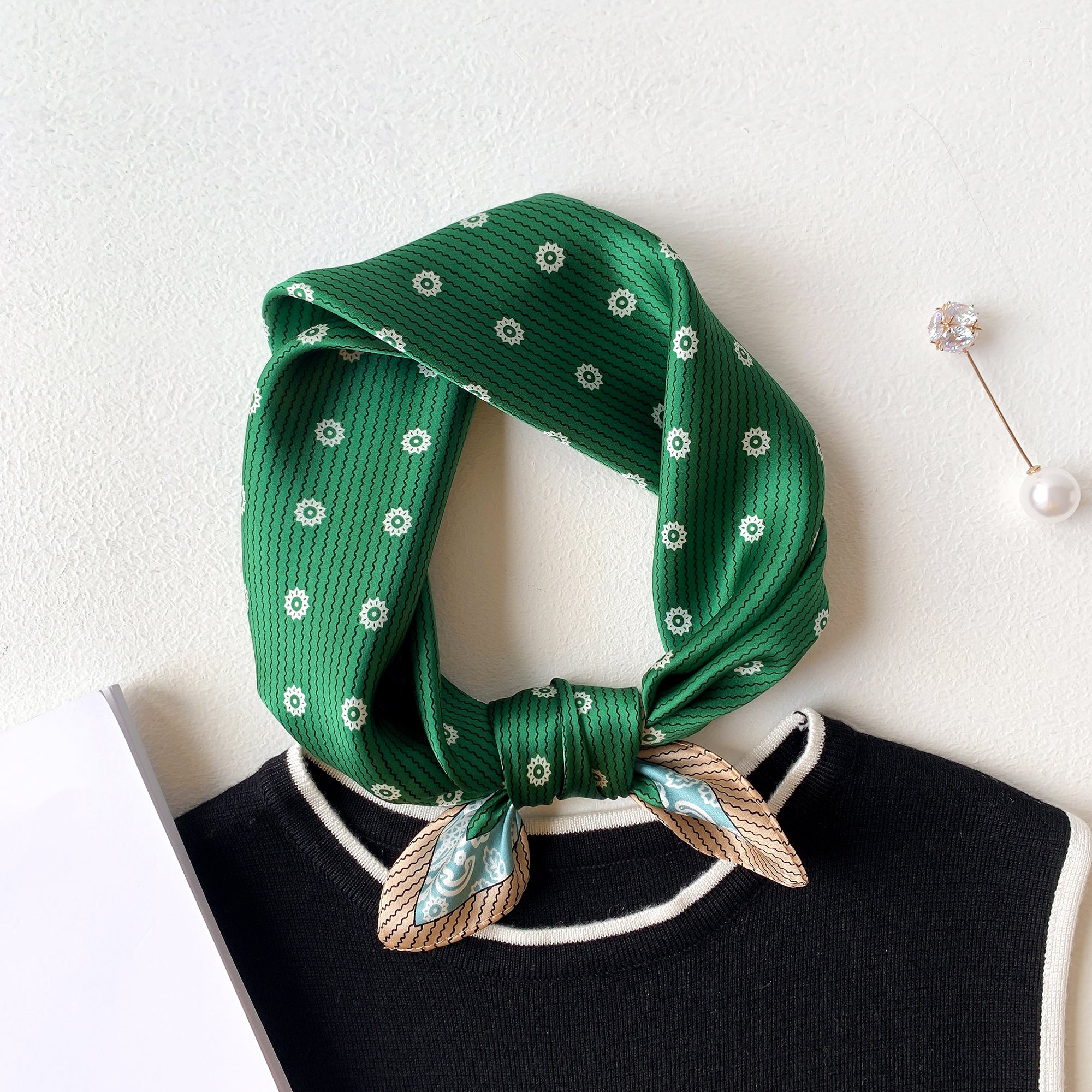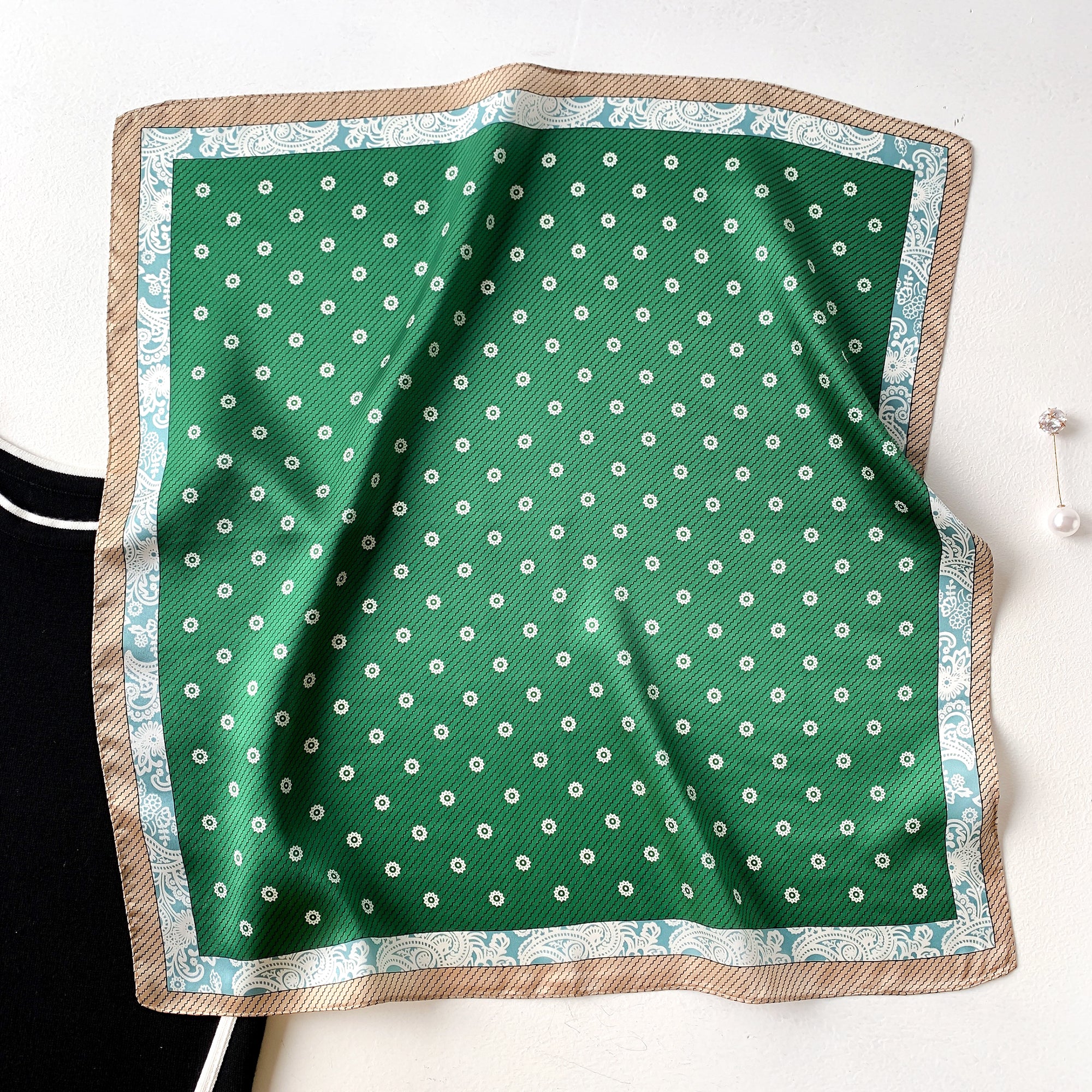 Elevate your everyday look with this silk bandana for women, featuring a beautifully simplified floral pattern. Available in burgundy and green, this lightweight silk accessory adds a touch of elegance and charm to any ensemble.
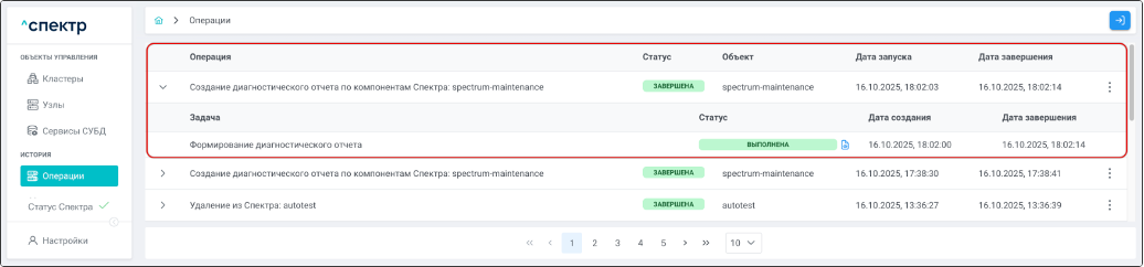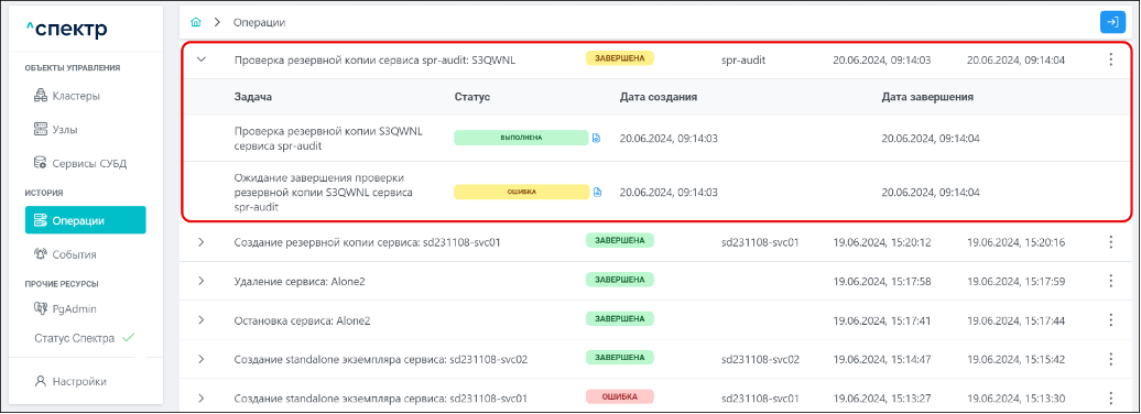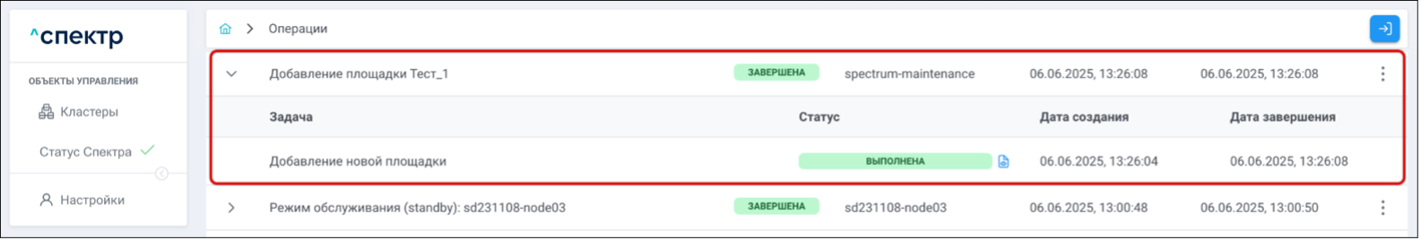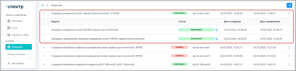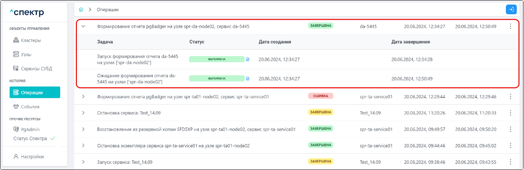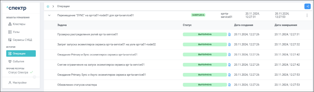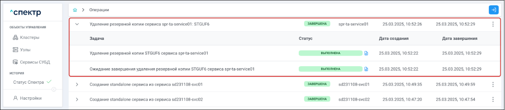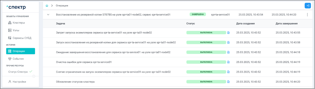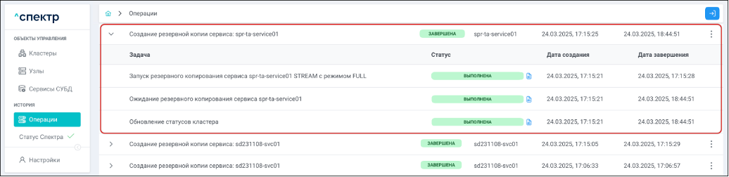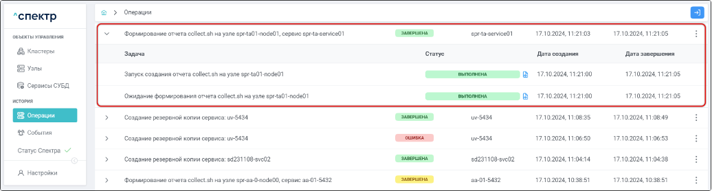 Для раскрытия / скрытия списка задач операции с актуальными статусами их выполнения нужно нажать на элемент управления
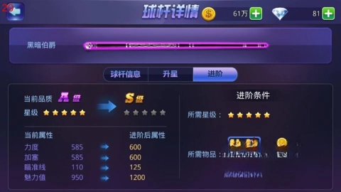 进阶需要准备对应球杆的碎片和金币,这些材料备齐后就能启动进阶流程。
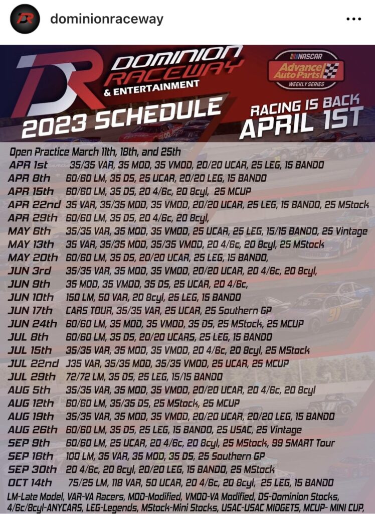 35 VAR, 35/35 MOD, 35/35 VMOD, 20 4/6c, 20 8cyl, 25 MStock more details at https://www.dominionraceway.com/oval-track-schedule
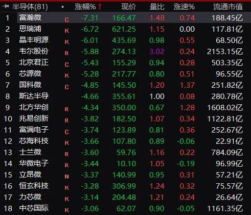 半导体芯片股是今天上午跌幅居前,富瀚微、思瑞浦、晶丰明源、韦尔股份、北京君正、芯源微等都跌幅不小。中芯国际也跌超3%。
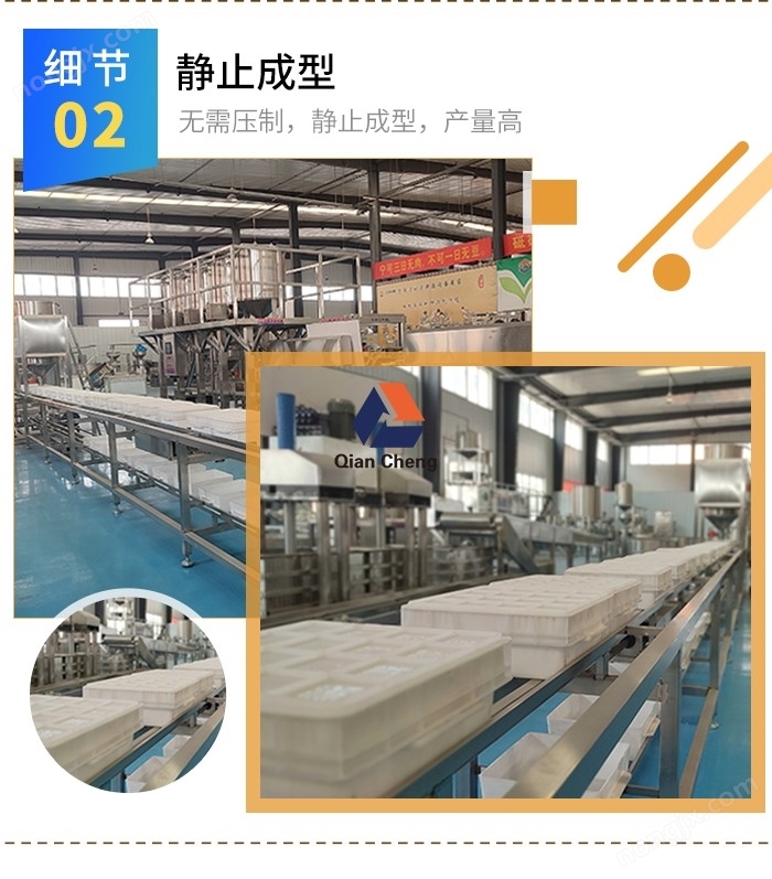 3、豆腐箱的移動(dòng)采用氣動(dòng)步進(jìn),運(yùn)行平穩(wěn),清潔衛(wèi)生。豆腐質(zhì)量穩(wěn)定,重量誤差小。
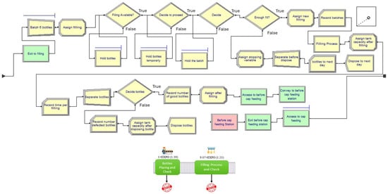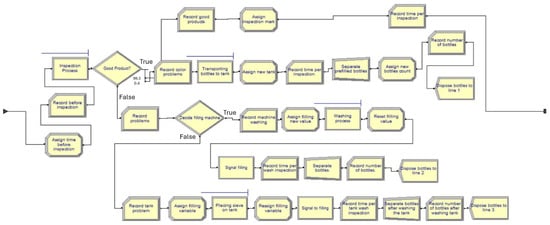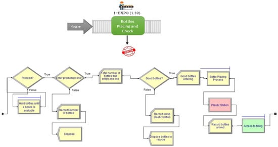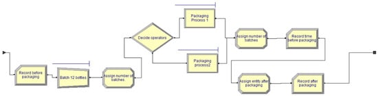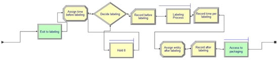 The simulation model for the labeling process is depicted in Figure 8. Two stoppages occur as the label roll must be changed every 3456 bottles. The process mean time to failure and downtime are 2 h and 5 min, respectively.
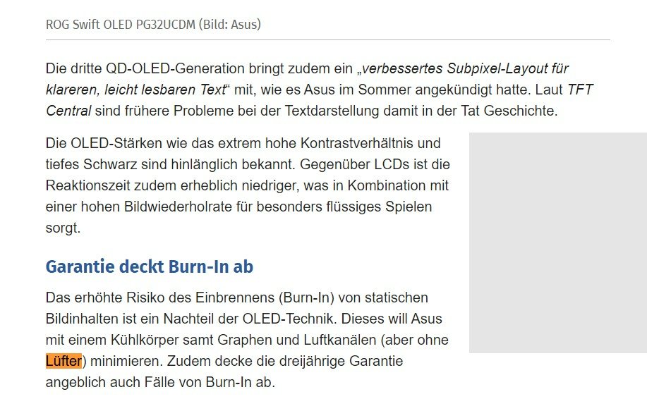 Unnötigerweise (zumindest in meiner Nutzung auf 120Hz) hat er stets einen aktiven leisen Lüfter, denn man wenn es sehr leise ist, aber doch wahrnimmt und meinen leisen PC im Idle übertönt.
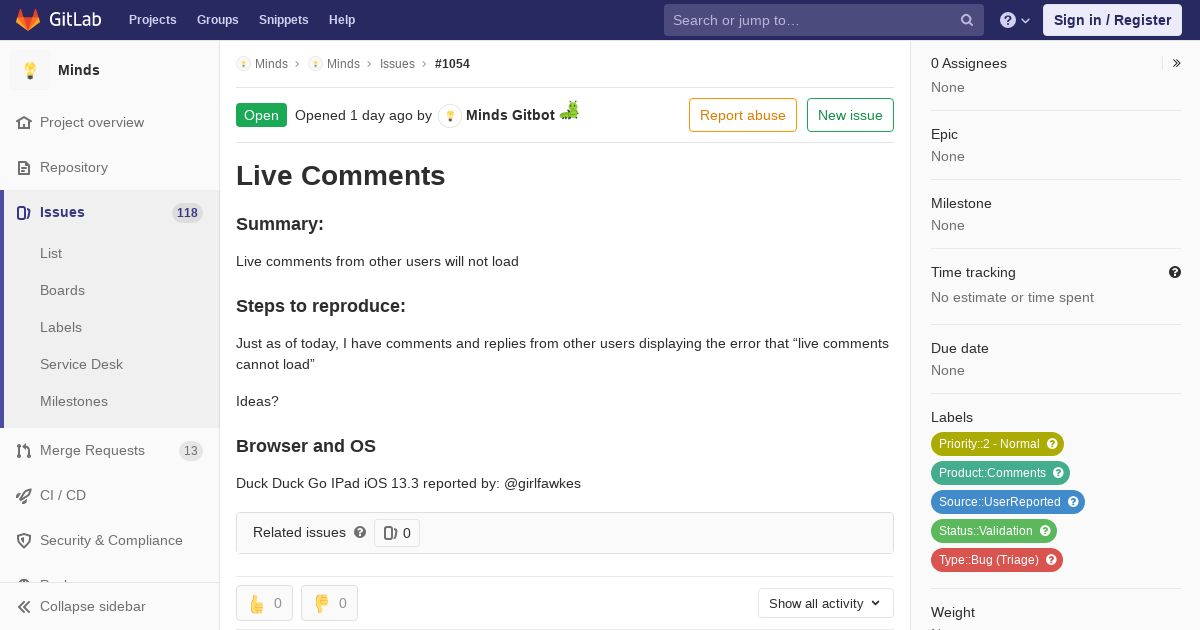 https://gitlab.com:443/minds/minds/issues/1054
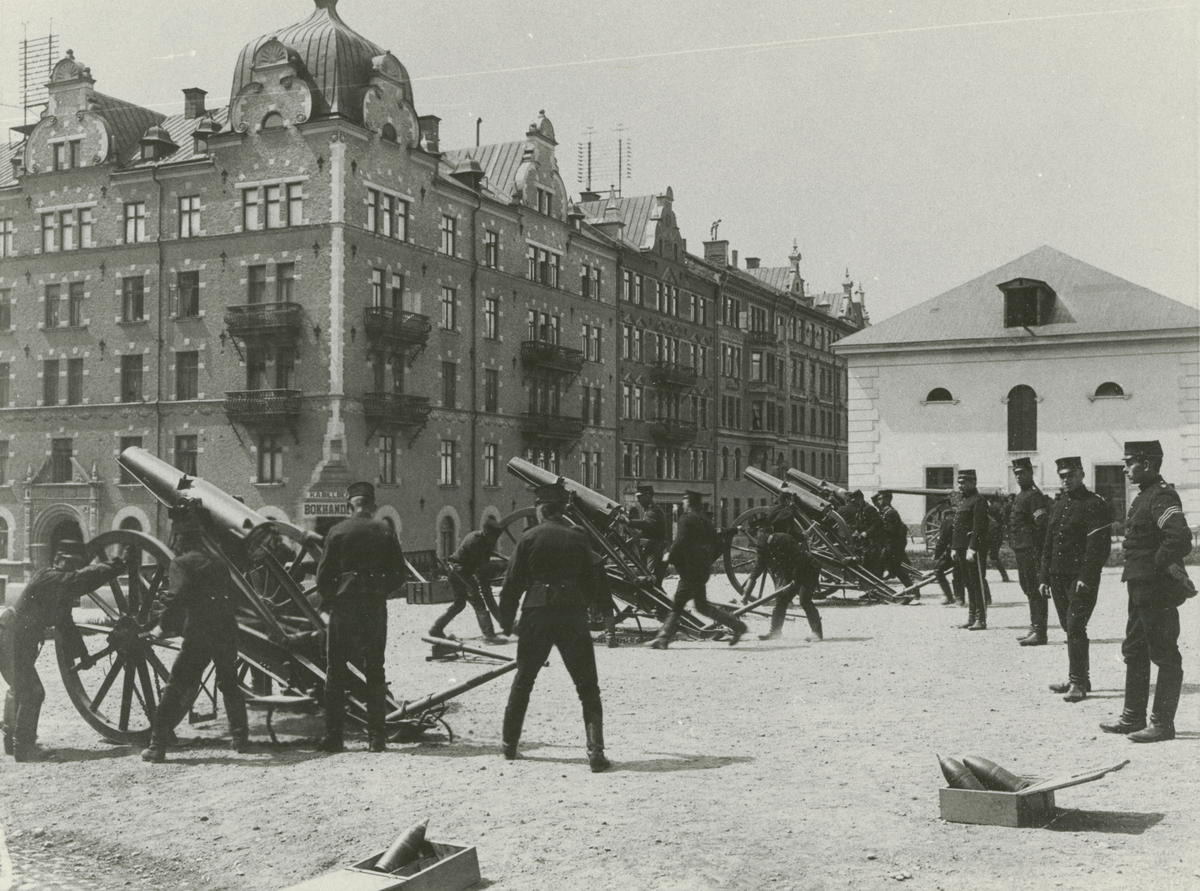 Titel: Fyra 12 cm haubitser m/1891 ur positionsartilleriet uppställda vid kasernerna på Storgatan i Stockholm.
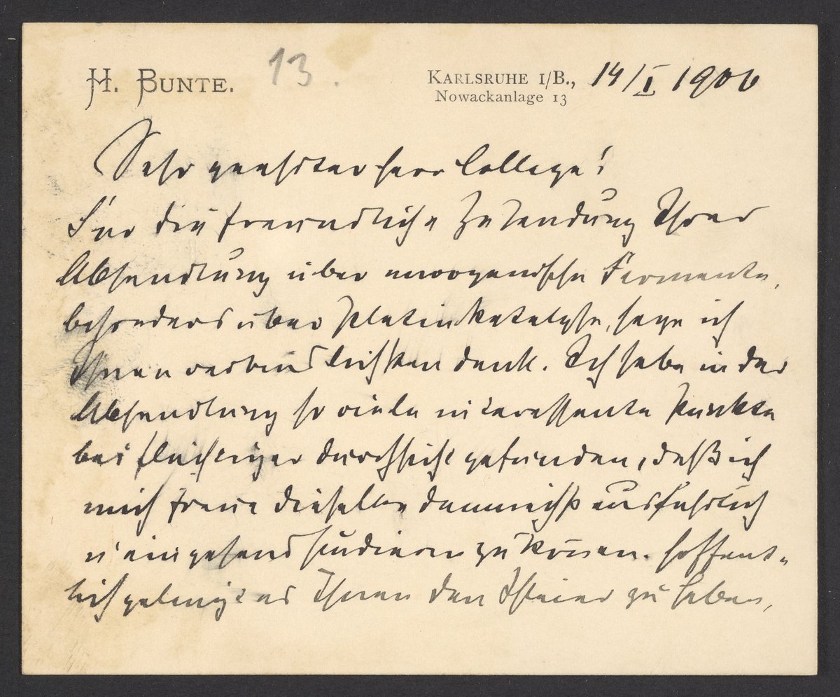 Letter from Hans Bunte to Georg Bredig, January 1900
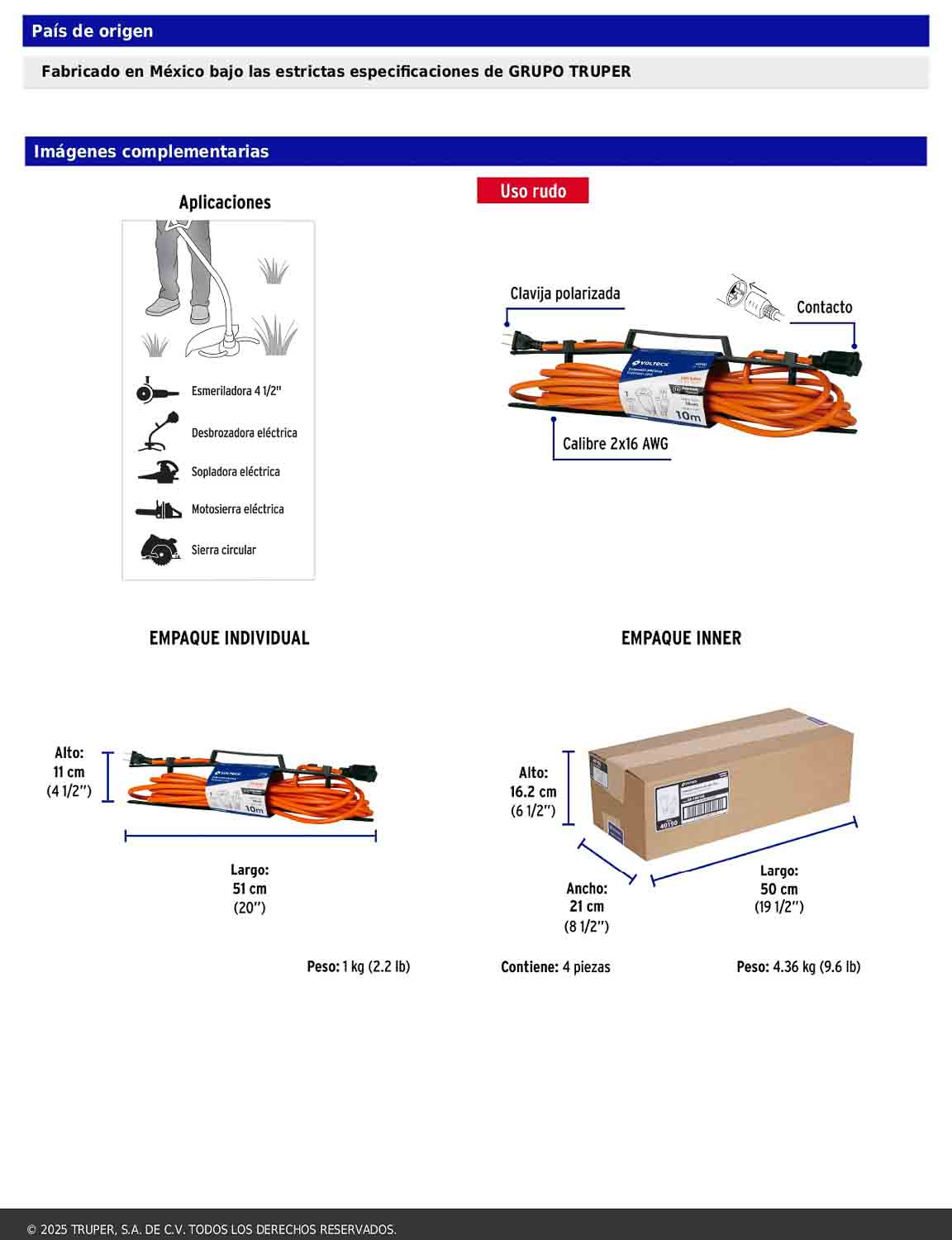 Extensión eléctrica de uso rudo diseñada especialmente con un solo contacto polarizado para conectar máquinas como desbrozadoras, motosierras y sopladoras. Fabricada con cubierta de PVC resistente a la propagación de la flama y apta para uso en interiores. Cumple con la norma NOM-003-SCFI.

■ Try it ■
Of the lines above, quote exactly those from the one with "35 VAR, 35/35" through the one with "Letter from Hans", ends included; pictures stay out.

■ Response to the exercise ■
 35 VAR, 35/35 MOD, 35/35 VMOD, 20 4/6c, 20 8cyl, 25 MStock more details at https://www.dominionraceway.com/oval-track-schedule
 半导体芯片股是今天上午跌幅居前,富瀚微、思瑞浦、晶丰明源、韦尔股份、北京君正、芯源微等都跌幅不小。中芯国际也跌超3%。
 3、豆腐箱的移動(dòng)采用氣動(dòng)步進(jìn),運(yùn)行平穩(wěn),清潔衛(wèi)生。豆腐質(zhì)量穩(wěn)定,重量誤差小。
 The simulation model for the labeling process is depicted in Figure 8. Two stoppages occur as the label roll must be changed every 3456 bottles. The process mean time to failure and downtime are 2 h and 5 min, respectively.
 Unnötigerweise (zumindest in meiner Nutzung auf 120Hz) hat er stets einen aktiven leisen Lüfter, denn man wenn es sehr leise ist, aber doch wahrnimmt und meinen leisen PC im Idle übertönt.
 https://gitlab.com:443/minds/minds/issues/1054
 Titel: Fyra 12 cm haubitser m/1891 ur positionsartilleriet uppställda vid kasernerna på Storgatan i Stockholm.
 Letter from Hans Bunte to Georg Bredig, January 1900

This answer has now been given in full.